German composer Andreas Willscher has (say the Press notes, we won’t claim expertise) won many awards for his compositions, which range from symphonic forms and oratorio to cabaret jazz and rock.
Organ Symphony No.5 is on a grand scale but mostly peaceful and meditative; in the sleeve notes the composer said it was subtitled “of Francis’s preaching on holy poverty” and the sound combines peaceful meditation with something of the glory of God clearly felt by a man like St Francis of Assisi.
To call Carson Cooman prolific would be like calling Michael Jackson a bit famous; we seem to get CDs of him every week and this one has, alas, been missed and thus neglected for a couple of months, which is a shame. We first played it through while looking up facts from World War One, and its quiet, sparse feel suited the sombre mood any research into the slaughter in the trenches always brings.
The opening section is quiet but the second movement louder and rather grander and fanfare-like, the composer trying to get the sound of bagpipes, according to the sleeve notes. The quieter third and fifth movements introduce Gregorian themes and melodies, and while there are some comparatively livelier moments, by the seventh movement, it’s gone very quiet.
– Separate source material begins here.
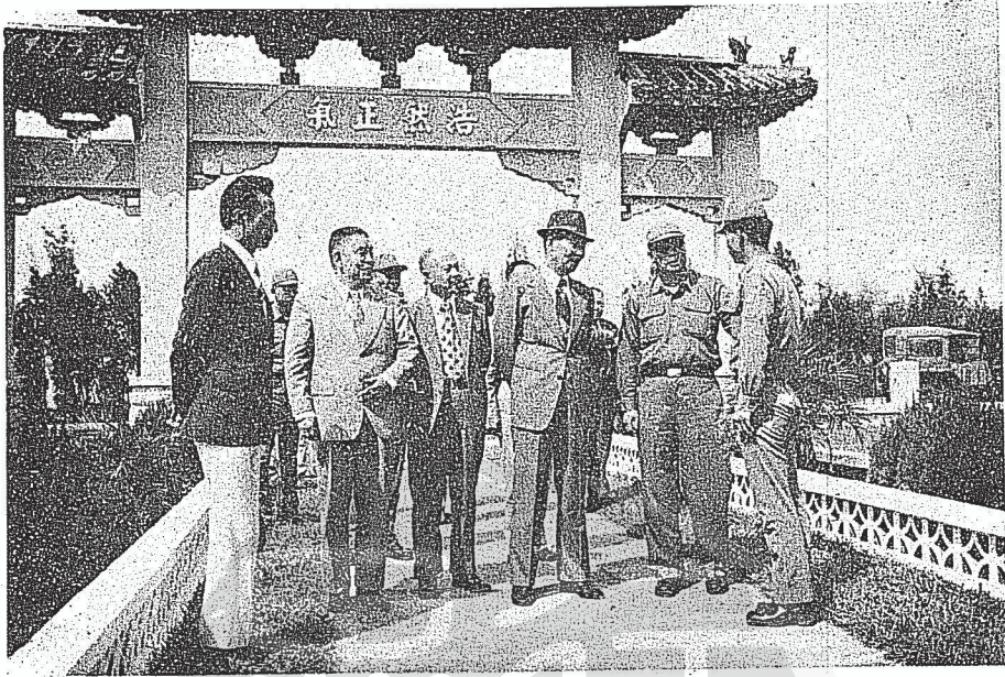
3. 在金恭祭陣亡將士後攝於「忠烈祠」前

Stretches such as this movement are the most interesting, and, as with some other sections, a most un-organ-like sound is produced: in places, it sounds more electronic than organ, particularly in the final section, the end where the long notes make it appear as if the CD has stuck. Before that it almost closes stirringly, with a toccata, and a loudly tranquil fugato. An album well suited to moments of contemplation.